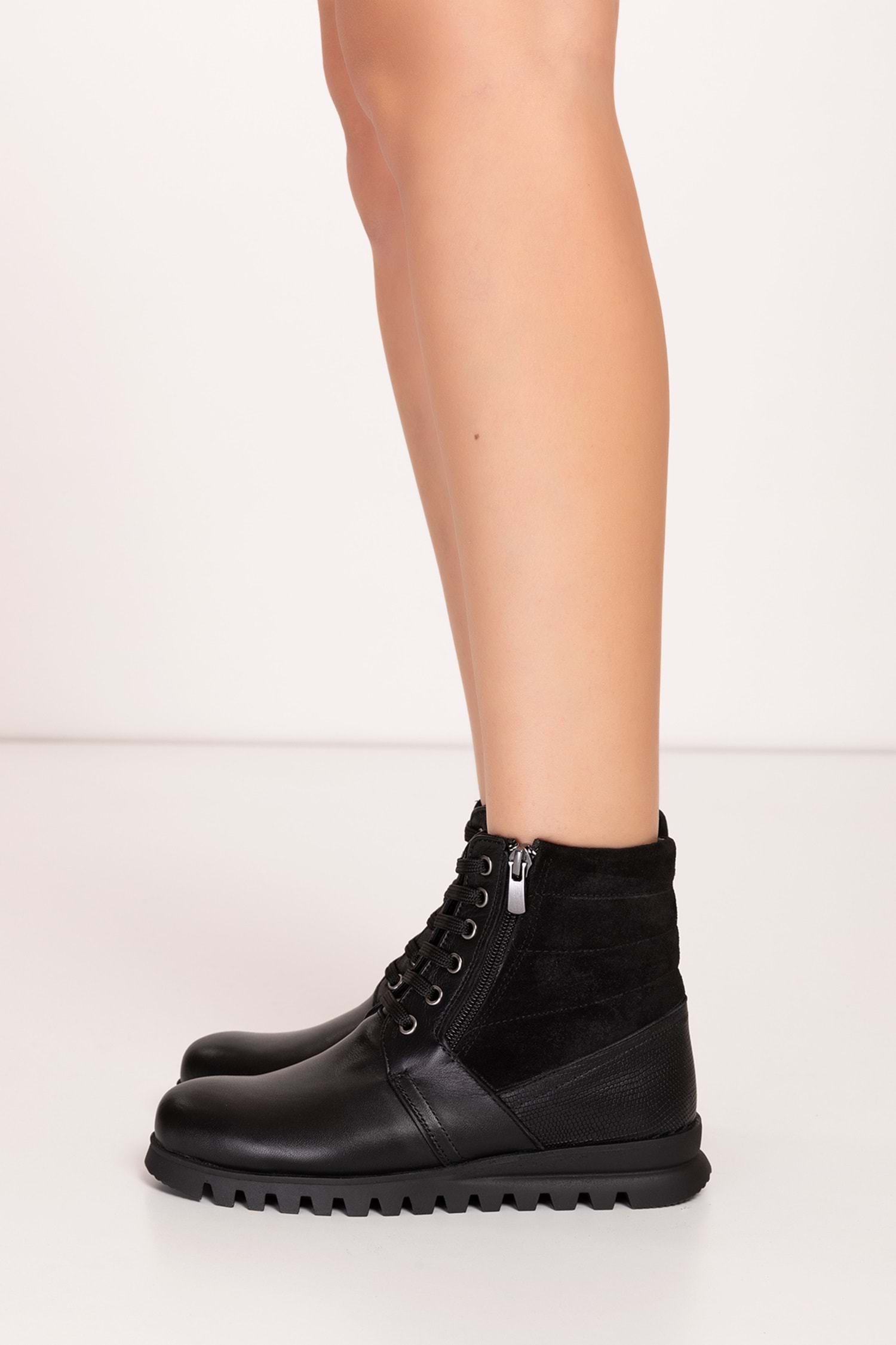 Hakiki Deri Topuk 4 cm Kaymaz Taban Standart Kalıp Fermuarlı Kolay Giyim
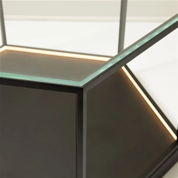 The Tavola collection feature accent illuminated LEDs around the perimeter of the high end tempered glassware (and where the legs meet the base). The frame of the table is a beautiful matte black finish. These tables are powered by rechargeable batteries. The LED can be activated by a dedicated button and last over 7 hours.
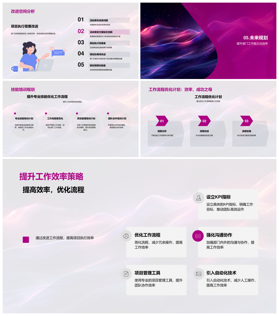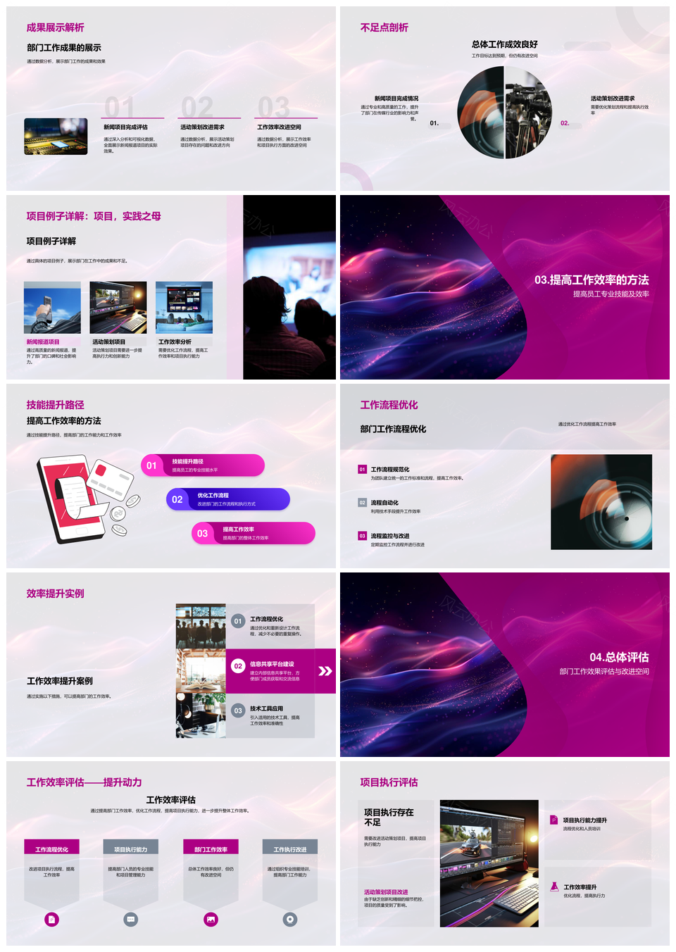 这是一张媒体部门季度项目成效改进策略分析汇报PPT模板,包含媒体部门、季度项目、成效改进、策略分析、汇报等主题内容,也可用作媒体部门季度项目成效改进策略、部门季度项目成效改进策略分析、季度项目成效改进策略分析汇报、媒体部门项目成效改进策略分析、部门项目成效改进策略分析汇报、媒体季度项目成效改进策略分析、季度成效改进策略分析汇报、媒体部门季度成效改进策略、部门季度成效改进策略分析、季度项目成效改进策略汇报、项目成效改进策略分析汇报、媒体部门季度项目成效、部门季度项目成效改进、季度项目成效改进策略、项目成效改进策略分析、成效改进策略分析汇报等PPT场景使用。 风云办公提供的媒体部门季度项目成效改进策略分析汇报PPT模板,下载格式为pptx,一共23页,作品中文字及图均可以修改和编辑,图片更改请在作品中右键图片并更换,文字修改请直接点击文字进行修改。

## [Work to complete]
All of the material shown above needs to be duplicated exactly. Omit every picture.

## [Response to the task]
 Hakiki Deri Topuk 4 cm Kaymaz Taban Standart Kalıp Fermuarlı Kolay Giyim
 The Tavola collection feature accent illuminated LEDs around the perimeter of the high end tempered glassware (and where the legs meet the base). The frame of the table is a beautiful matte black finish. These tables are powered by rechargeable batteries. The LED can be activated by a dedicated button and last over 7 hours.
 这是一张媒体部门季度项目成效改进策略分析汇报PPT模板,包含媒体部门、季度项目、成效改进、策略分析、汇报等主题内容,也可用作媒体部门季度项目成效改进策略、部门季度项目成效改进策略分析、季度项目成效改进策略分析汇报、媒体部门项目成效改进策略分析、部门项目成效改进策略分析汇报、媒体季度项目成效改进策略分析、季度成效改进策略分析汇报、媒体部门季度成效改进策略、部门季度成效改进策略分析、季度项目成效改进策略汇报、项目成效改进策略分析汇报、媒体部门季度项目成效、部门季度项目成效改进、季度项目成效改进策略、项目成效改进策略分析、成效改进策略分析汇报等PPT场景使用。 风云办公提供的媒体部门季度项目成效改进策略分析汇报PPT模板,下载格式为pptx,一共23页,作品中文字及图均可以修改和编辑,图片更改请在作品中右键图片并更换,文字修改请直接点击文字进行修改。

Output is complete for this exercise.